We now discuss possible extensions, and possible directions for further work. In order to overcome the problem that Sores and Chares cannot count (beyond the trivial case of distinguishing between 0 and 1), Bex et al. [4] (Section 8) propose extending these models with numerical predicates; i. e., one could write a ≥ 1,≤3, with \(\mathcal {L}(a^{\geq 1,\leq 3})=\{a,aa,aaa\}\). With an additional post-processing step, the algorithms in [4] can be used to infer Chares and Sores that are extended with counting. This extension can also be adapted to the approaches in the present paper. Basically, one replaces each+ or+? with appropriate bound that describes how often the expression under the+ is repeated; e. g., the sample {a, a a a} would lead to descriptive expression a +, additional post-processing would turn this into a ≥ 1,≤3. Note that, in the form described in [4], this approach can only learn finite languages, as positive data does not allow do distinguish between a + and a n for sufficiently large n. But this can be fixed by providing the post-processing algorithm with an additional threshold t, and removing those upper bounds ≤ n for which nt with unbounded; e. g., a ≥ 2, ≤ n with nt would become a ≥ 2.

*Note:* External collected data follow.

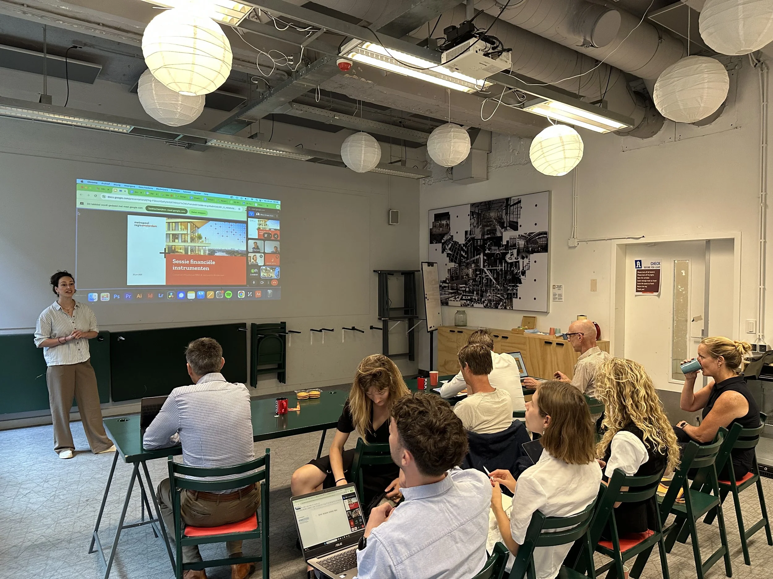 In het tweede deel ging Mees Eringa in op een aantal financiële instrumenten met het doel om te kijken welke het meeste potentie biedt voor de gemeente Amsterdam, welke instrumenten nog missen, en of er eventueel vervolgstappen gezet kunnen worden.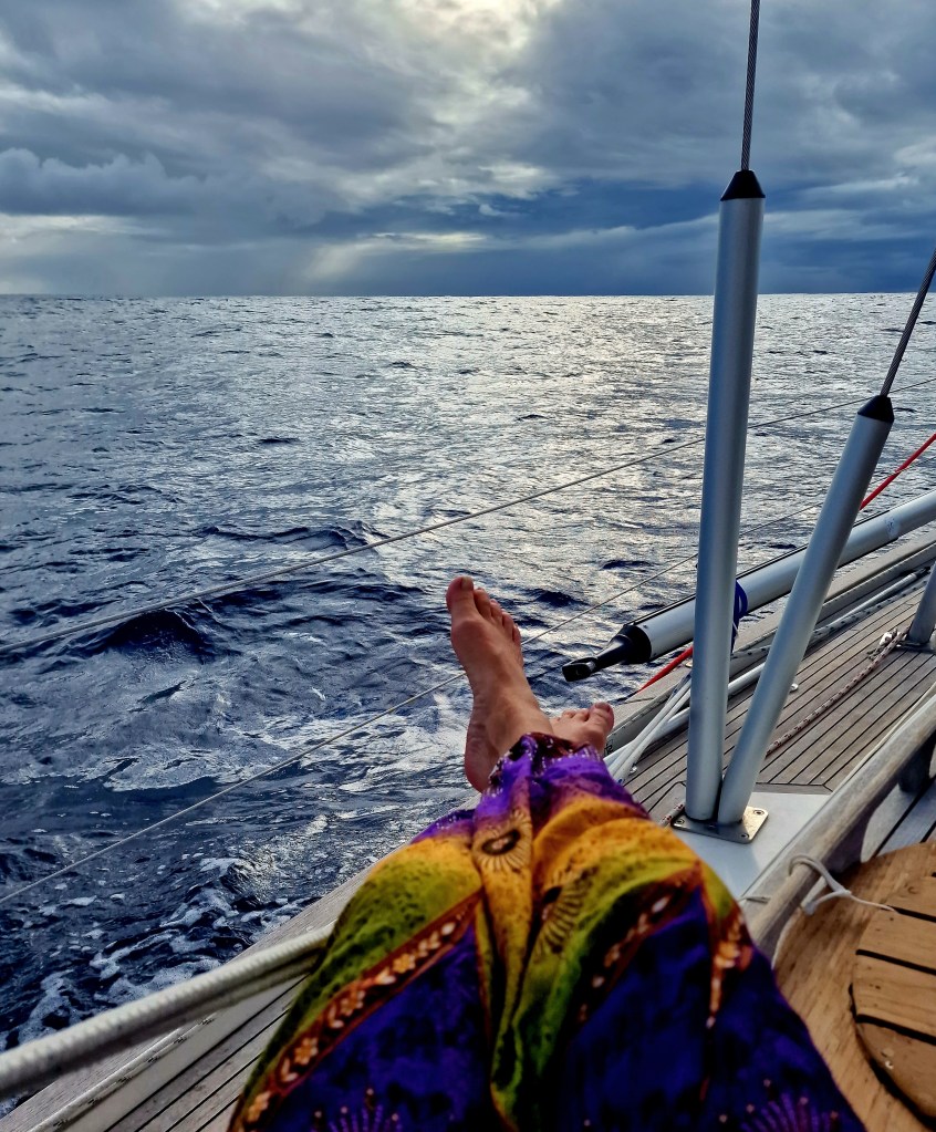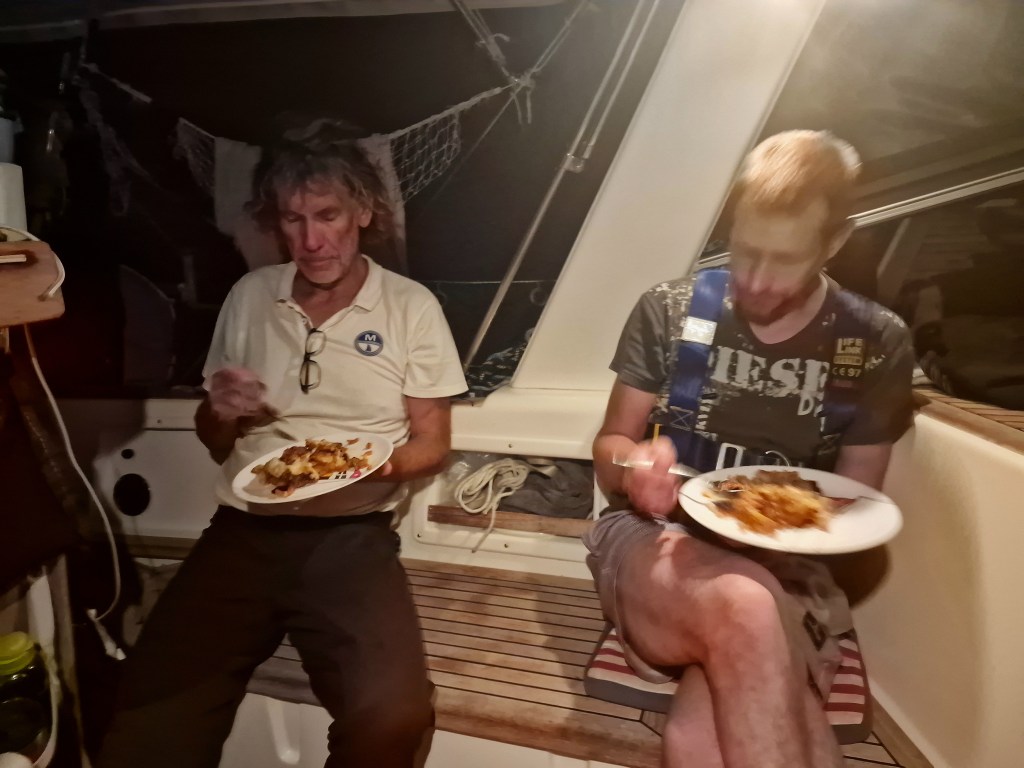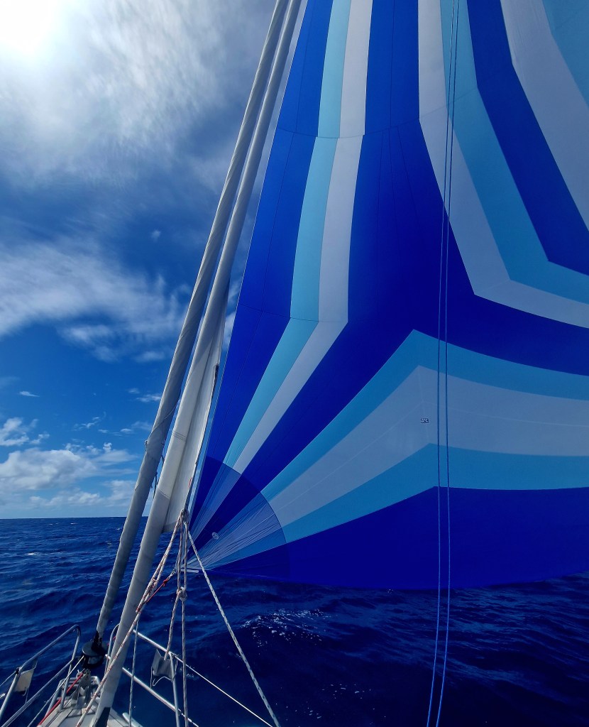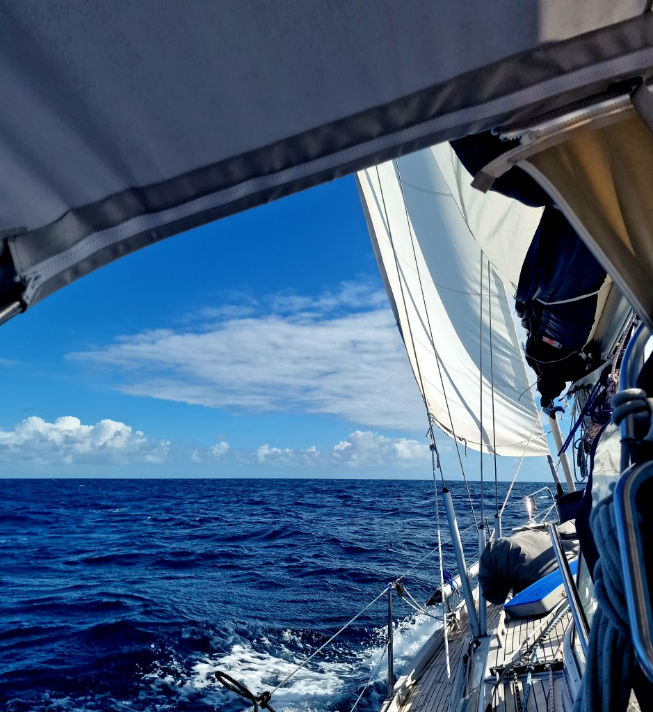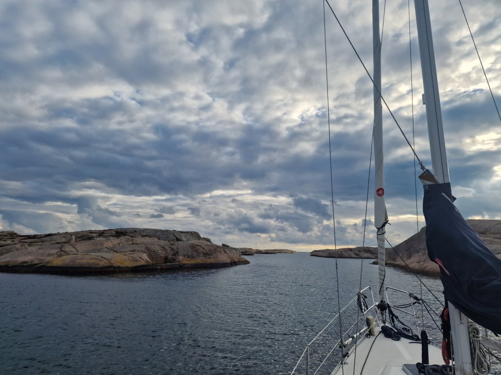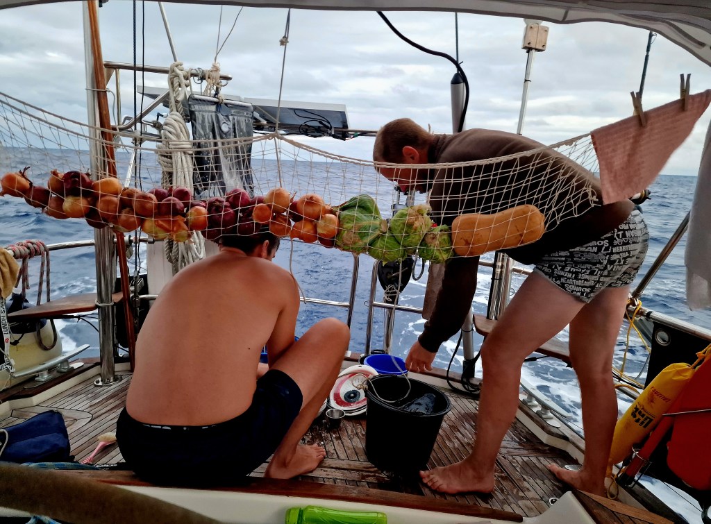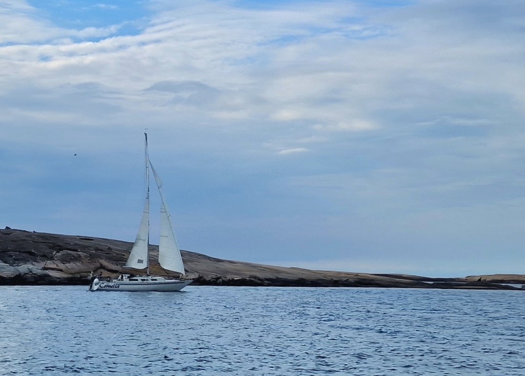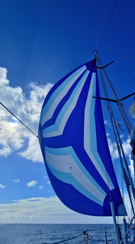 Det är svårt att få seglen att bli nöjda idag. Vinden är ganska svag och vågorna gör att vi rullar mycket. Vi provar att spira genuan, vilket betyder att man tvingar ut genuan på motsatt sida med en extra bom, men det fungerar inte. Det behövs två uppe på däck för att få till det. Vinden är rakt akterifrån så det är plattläns. Vilket betyder att genuan inte får så mycket vind utan storseglet tar den lilla vind som är. Eftersom vi rullar så mycket vrider vinden ibland in lite från styrbord och ibland lite från babord så seglen slår obehagligt och det sliter på dem.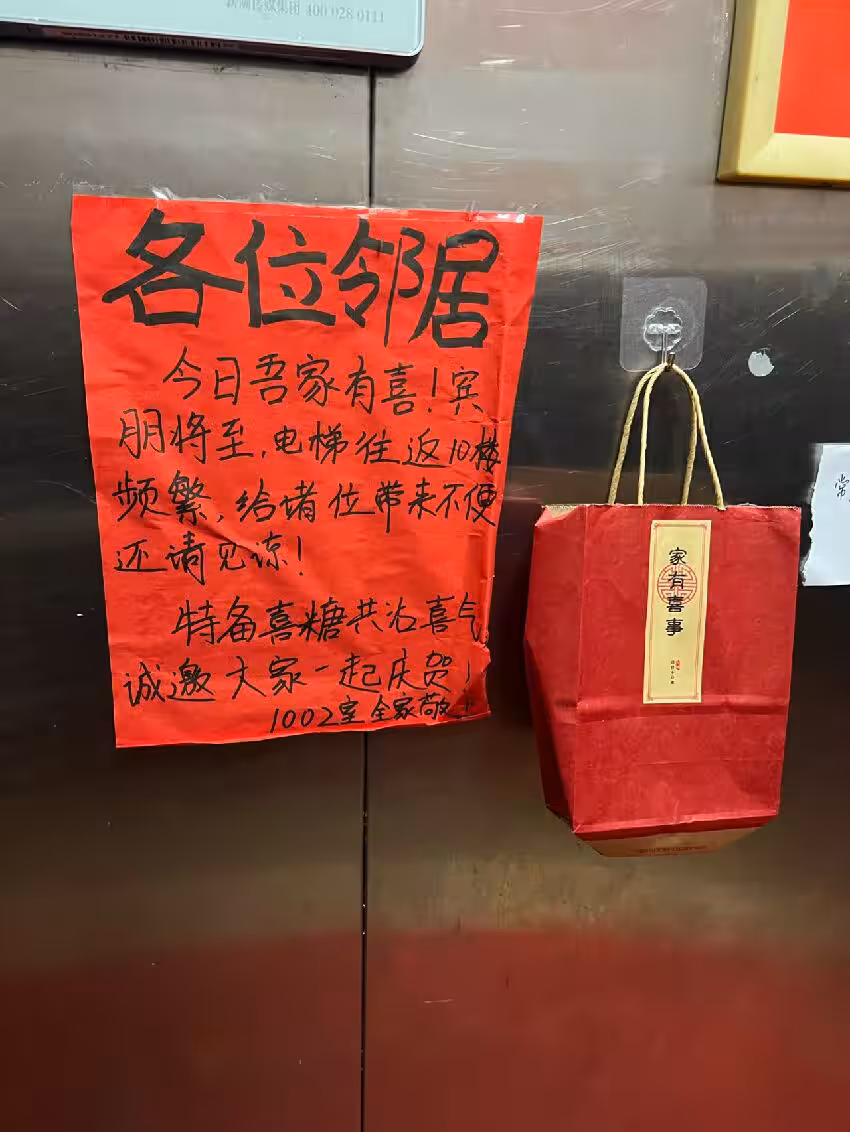 家有喜事!他在電梯「放一大包喜糖」分享喜悅 最後「竟收到兩張紙條回復」網贊爆:太有愛...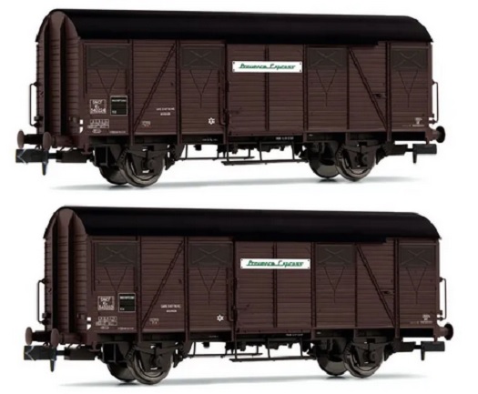 ARNOLD HN6571 SNCF Provence Express, 2-unit pack covered 2-axle wagons type Kv (wooden walls), ep. III
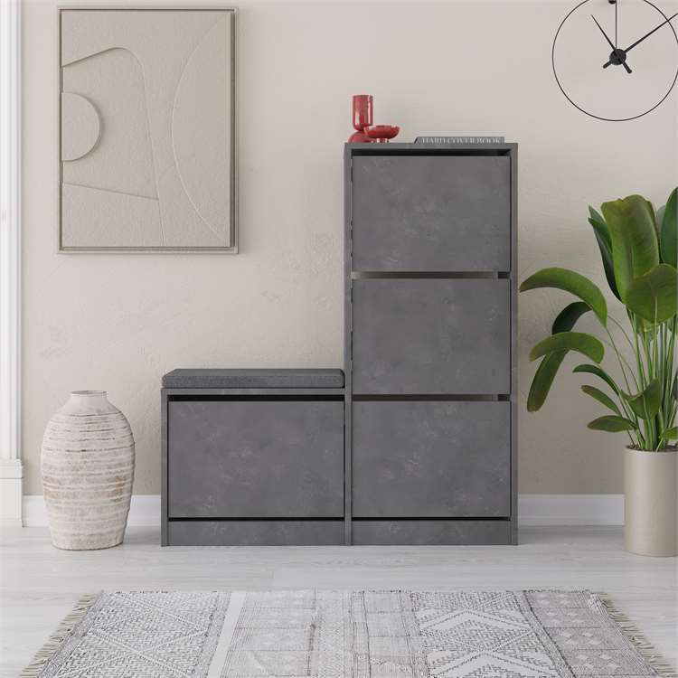 Elevate your entryway with this sleek and functional shoe cabinet featuring a contemporary concrete-effect finish. Designed with four spacious compartments, this unit provides ample storage to keep your footwear organized and easily accessible.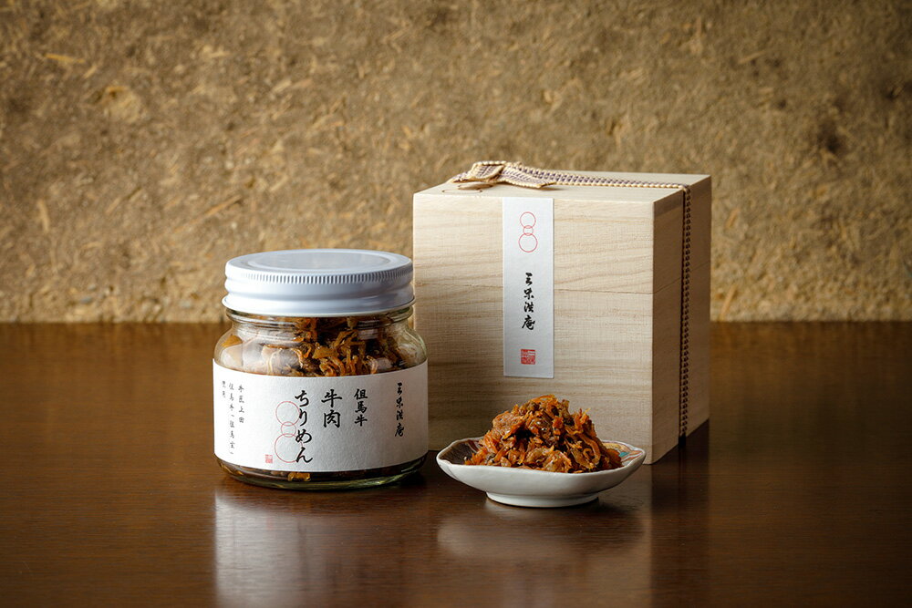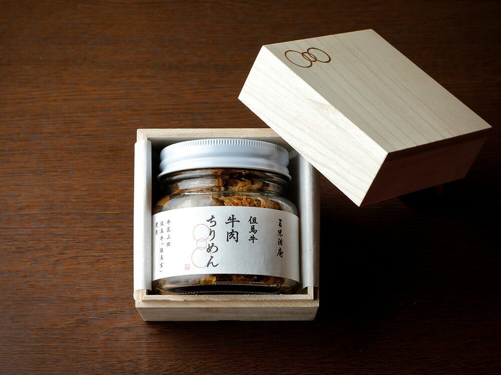 蕎麦と料理で魅せる京都の『三味洪庵』。看板の「ちりめん山椒」に、兵庫県『上田畜産』独自のブランド牛『但馬玄』と炊き合わせた「牛肉ちりめん」。 京都三味洪庵の老舗の味「山椒ちりめん」は究極の味を追い求め、幻の但馬牛【 但馬玄(たじまぐろ)】と出会い「牛肉ちりめん」を但馬玄のしっとりとふくよかな旨みが加わり、食材の個性が光りつつも味の重なりが楽しい一品に完成させました。 うま味だけを縮した柔らかく甘みのある牛肉と、ちりめんのふっくらした食感、高知県産黄金生姜と和歌山県産ぶどう山椒のさわやかな香り。それぞれの個性を引き立てるよう、味付けには特に気を配り、職人が長年の経験を生かして手作りしています。 ご飯のお供にも、酒の肴にもお勧めできる自信作です。 ■牛肉ちりめん 内容量:140g 賞味期限:製造日から常温保存で60日 宅配便(常温)でお届けします。 配達日:お申込みより7日以内に発送致します(土日祝除く)。 のし、のし名入れ:可 贈答用包装、二重包装、メッセージカード:不可 紙袋の同梱:可 原材料:【牛肉ちりめん】 牛肉(兵庫県但馬産)、清酒、ちりめんじゃこ、醤油、ごぼう、砂糖、水飴、生姜、みりん、醸造酢、調味だし、実山椒、酵母エキス、(一部に小麦・牛肉・さば・大豆を含む) ※原材料は予告なく変更する場合があります。詳細はお問い合わせください。 用途(イベント):ご自宅用、お中元、お歳暮、ご贈答 ※お届け先が沖縄は送料1,914円となります。ご請求時に変更となります。(税込) ※G-Callショッピングにて他の商品と一緒にご購入の場合、別途送料がかかる場合があります。その際はご注文後ご連絡いたします。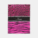 Custom name neon hot pink zebra stripes leopard fleece blanket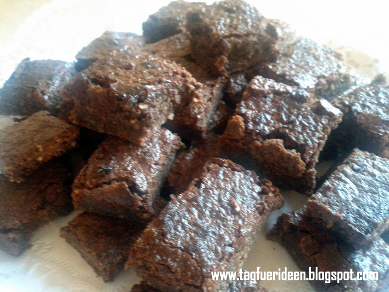 Ich habe die Brownies zwei Tage vorher gemacht… sie schmecken dann fast noch besser.

On the topic of probabilistic learning, if one is willing to fix a set of probability distributions on the sample space, the learning algorithms could be adapted to feature a variant of stochastic finite learning (introduced by Rossmanith and Zeugmann [20]). It might be possible to derive algorithms which, with high probability, give descriptive generalizations from a very small set of (randomly chosen) examples. This could lead to inference algorithms that do not need to process the whole input, but only a random subset, which might be interesting for very large datasets.

From the authors’ point of view, Questions 1 and 2 (cf. Section 6.1) are the most interesting. In other words: Is it possible to extend the inference algorithms discussed in the present paper from Soas and Sores to deterministic k-Oas and deterministic k-Ores? It seems that one would need to develop not only a good generalization of Soas, but also a “good” inclusion criterion, preferably syntactic. This idea is based on the following observation: While the results in the present paper make no direct use of the results and techniques that Freydenberger and Reidenbach [10] developed for descriptive generalization of pattern languages, both papers rely heavily on the fact that the inclusion problem for the respective language classes has a syntactic criterion for inclusion.

The proofs on descriptive generalization of pattern languages in [10] rely on the fact that inclusion for terminal-free E-pattern languages is characterized by the existence of a morphism which maps the pattern that generates the superlanguage to the pattern that generates the sublanguage. This criterion is a versatile tool to prove the nonexistence of a (pattern) language between the target language and the language of a descriptive pattern. While the proofs of the present paper cannot make any direct use of the proofs from [10], the approaches are similar conceptually. In particular, the line of reasoning in which the correctness proofs of Soa2Chare and Soa2Sore use the fact that the inclusion problem for Sores (and Chares) is characterized by the covering of the respective Soas is structurally similar to the proofs for pattern languages.

Moreover, although deciding whether such a pattern morphism exists is NP-complete, the techniques in [10] are not affected by the computational hardness. Hence, the hardness results on the decidability of the k-Ore-inclusion problem presented by Martens et al. [15] do not exclude the existence of such a criterion. This leaves room for hope that Soa2Sore can be extended to k-Ores with k ≥ 2.